One pandemic habit we'll stick with long after this plague has left us? Avoiding the grocery store. What an incredible convenience it's been to order produce, dairy, and frozen pizzas with a laptop click. Truly, we're living in the future. We'll make an exception for Los Altos, though, which answers the question: What if the oppressive lighting, dull brands, and sunken-eyed cart-pushers at your local grocery chain were replaced by something a little more Technicolor and full of life? Los Altos is like a Walmart-sized bodega; curiosities abound alongside the essentials. Do you need a Spongebob pinata? Several dangle from light fixtures. A tiny yellow lawn chair for a child? A few are hoisted up above the frozen section. An entire third of an aisle is dedicated to seeds. There are two women stacking and packing fresh corn tortillas that ride down a conveyor belt, one after another. A vendor near the entrance sells steel-toed boots. Another buys gold. There's a salsa bar. There's a juice bar. There are bright, beautiful, elaborate quinceanera cakes. You can order a torta or chicharrones or menudo for lunch and eat it at the indoor picnic tables. "We are here to serve and enrich the lives of others," reads the wallpaper above the checkout, painted in both Spanish and English. Mission accomplished.

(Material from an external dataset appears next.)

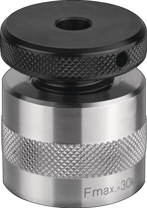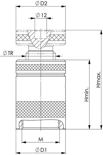aus Aluminium · Spindel: Vergütungsstahl brüniert · Trapezgewinde selbsthemmend, mit Endsicherung · Unterteil: Aluminium 400 N/mm² Zugfestigkeit · für empfindliche Maschinentische sowie Richt- und Messplatten Weitere technische Eigenschaften: · TR: 30 x 4mm · H min.: 70mm · Zentrierloch-Ø: 12mm · H max.: 100mm · Tragfähigkeit max.: 30kN · D2: 50mm · D1: 50mm

The Pixar movie Coco may have increased public awareness of Día de los Muertos, but in metro Phoenix, this annual holiday to commemorate loved ones who've passed on has always been an integral part of our cultural identity. When we want to add new items to our ofrenda (the ceremonial display created for the holiday), we head to Mercado Mexico in Guadalupe. The Mexican import shop has lots to see and buy, from sugar skull merchandise including figurines and tiles, to calacas (skeleton figurines). While you're there, check out everything else the store has to offer, like hand-painted Christmas ornaments, pottery, jewelry, and more.